Également une coquille "on se fait peu bien avant cette limite"... on se fait peur.
C'est un peu déstabilisant, j'ai l'impression que les pneus sont vraiment très gros. J'ai connu l'époque où on montait des 20mm, aujourd'hui on arrive à 32mm!
gibus jeudi 26 septembre 2024, 11:06
@marc, j ai connu l époque des 23mm (j ai commencé tard le velo;-), et je suis remonté récemment sur un vélo de location (le vélo du proprio du magasin qui était un ancien amateur, un bon vélo carbone rim brake) monté en 23 (8bars)......et bien.....plus JAMAIS !!!
Tant que la chaussé est nickel, ca passe mais des que ya le moindre cailloux, joint, crevasse, c est l horreur !
Il y avait 2 grosses descentes sur mon parcours, une avec un revêtement absolument incroyable, tout neuf, c était kiffant, l autre absolument dégueulasse, fissures et crevasses, après 5min j avais déjà mal aux mains, et une ou deux frayeur dans les virages ou le vélo saute. En terme de sécurité, c est définitivement impossible/inacceptable !! Après 50km, j avais le cul en feu.
L avènement des pneus larges (merci les freins a disque ;-) est une des plus grande innovation du monde du velo !
Pour les gros rouleurs "ultra" ou pour les anglais sur leur routes toutes pourries, le 30-32mm me parait vraiment bienvenue.

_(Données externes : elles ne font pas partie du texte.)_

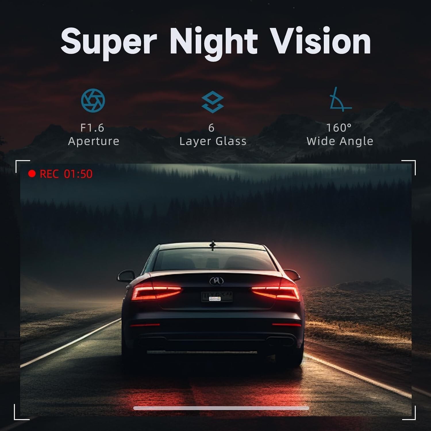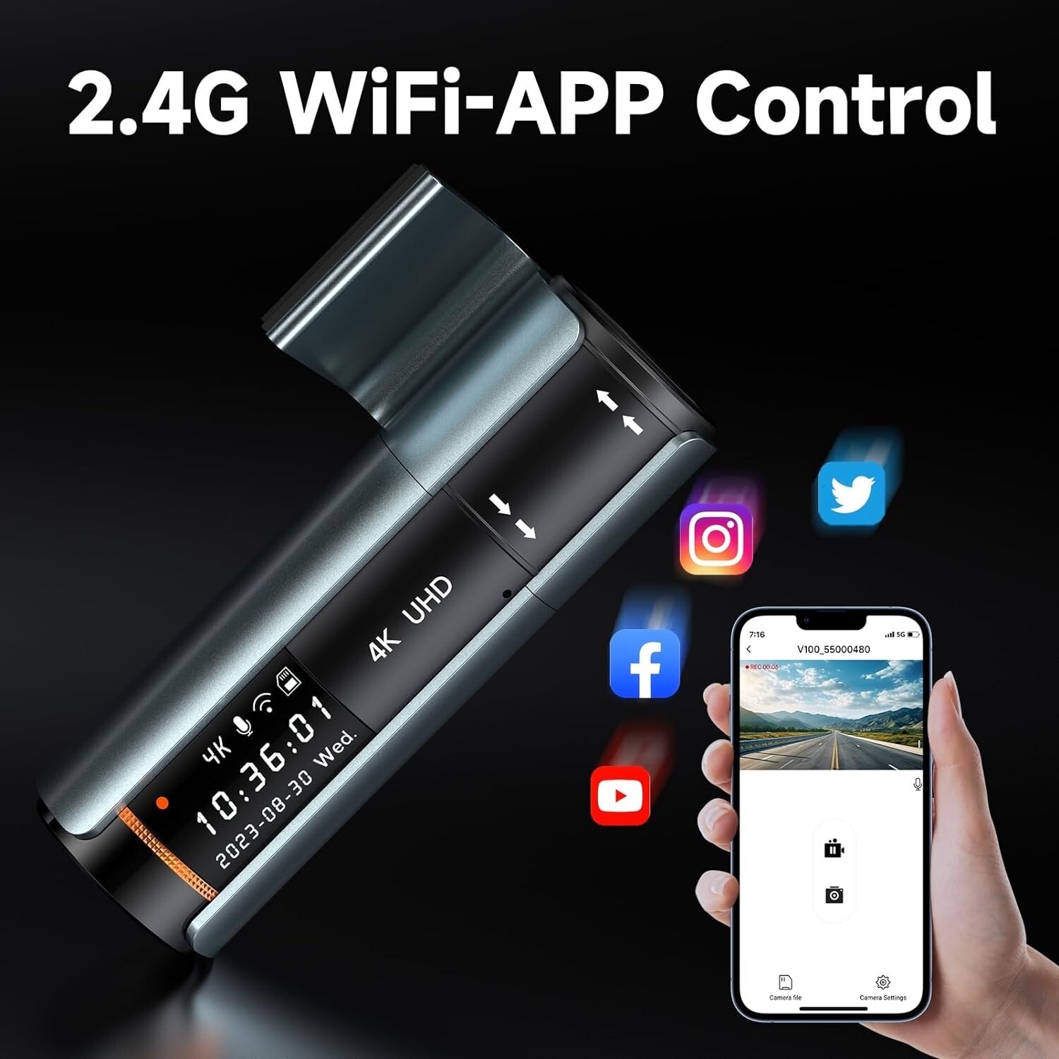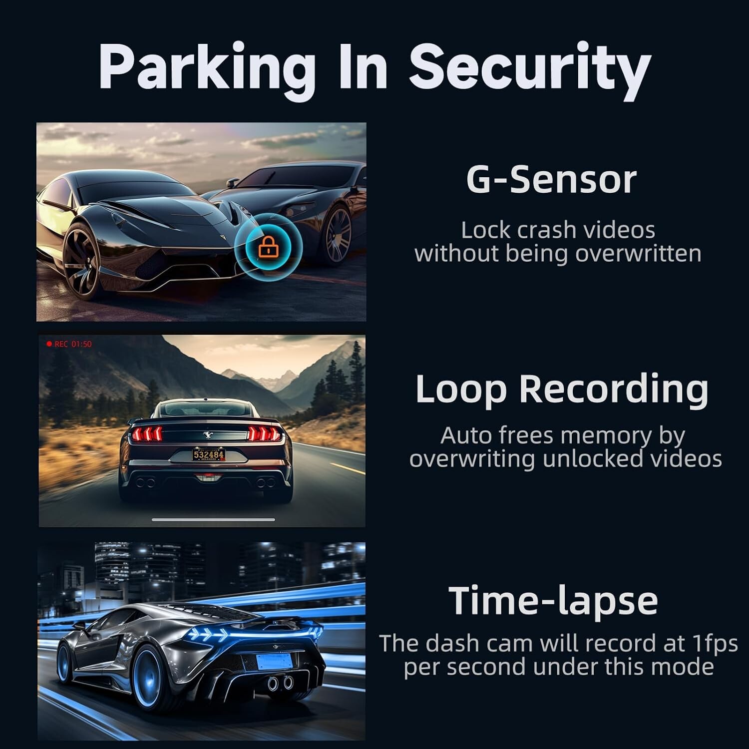 ⚠️ Please be aware that connection to the app may not be possible when using wireless CarPlay or Android Auto. ⚠️ Note: When viewing the phone's real-time video, it displays in 720P quality. To view the video in 4K quality, please download it. 📸 4K Ultra HD 2160P Front Car Camera: The front dash camera is backed by advanced starvis sensor and 6 glass lens. Front 160° wide angle can captures crystal clear video at UHD 3840*2160P, which clearly captures the license plates and road signs. 📸 Smooth 2.4G WIFI-APP Control: Use the App to view and manage dashcam recordings instantly on your iOS and Android smartphone. Fast to download and share videos with friends and family through social media. Perfect wifi dash camera for cars, truck, SUV, easier to provide evidence when insurance claim. 📸 WDR Super Night Vision: Dash camera adopts an ultra-large F1.6 aperture and 6 layers lens increase 60% light intake, and is equipped with WDR (Wide Dynamic Range) technology, achieves super night vision by automatically balancing the exposure in extreme dark scenarios, to ensure clear and sharp footage. 📸 24 Hours Parking Monitor and Time-Lapse: The parking monitor automatically activates and records emergency videos upon detecting collisions, (Requires hardwire kit, ASIN: B0CHYV8WDC). 24H Time lapse mode keeps recording with low power consumption and low frame rate, protecting vehicle from theft or vandalism. 📸 Safe & Mini Design: Made of high quality aluminum alloy, the working temperature is from -40℉ to 185℉. With heat resistance chipset and adhesive pad, the car dash camera works fine and stays attached to windshield even on hot sun. Mini and hidden design won’t obstruct your view while driving. Stable performance without lithium battery, prevent the risk of overheating and explosion. Ensure ultimate safety for you and your car.

Sinon, le 28mm est idéal pour tout le monde, performant, grip, robuste, confort, suivant les modèles, chacun peut trouver son compte.
Marc jeudi 26 septembre 2024, 11:14
@gibus, je suis entièrement d'accord avec toi, c'était juste une constatation.
Je me demande quand même pour ceux qui font de la compétition, si un pneu de 25/28 n'est pas plus performant qu'un 30/32, pourtant je sais que Pogacar monte parfois des pneus de 30 sur son vélo... mais c'est Pogacar!
OlivieR jeudi 26 septembre 2024, 19:51
Sur les routes de la province du Luxembourg en Belgique je ne roule qu'en 28 ( et encore..mesurés à 30 sur mes jantes) voire 32 sur mon mulet. Pression en 28 à environ 3.8 + 4.3 pour un poids corporel de 78kg. Impossible pour moi d'envisager une taille inférieure ou une pression supérieure.
Speed jeudi 26 septembre 2024, 20:19
Je n'ai jamais encore sauté le pas pour des Pirelli, mais c'est bien d'avoir une vision réaliste sur un essai "longue durée" car déterminée par la durée de vie des pneus, comme tu le fais.
J'ai quand même l'impression que le matos qui équipe les vélos de route devient de plus en plus "du gravel de route", que çà soit entre les cadres, les roues et même aussi les pneus !
Nono80 vendredi 27 septembre 2024, 14:43
@gibus. C'est descendu bien plus bas que 23mm. A la fin des années 90, j'ai monté un vélo que mon velociste avait équipé avec du...19mm (vittoria open corsa cx). Pour mes 80kg, tu mettais 9 bars à l'arrière et 8.5 à l'avant, sinon tu pensais rouler à plat. Il me semble même qu'il y a eu du 18mm pour les CLM chez les pros.
C'était l'époque où le monde du vélo pensait que plus c'était fin, moins tu avais de résistance.
ORe samedi 23 novembre 2024, 20:10
Je possède ces pneus en 30mm, sur des jantes à 17mm de largeur interne, ils "tombent" à 29mm, pour compléter les infos données.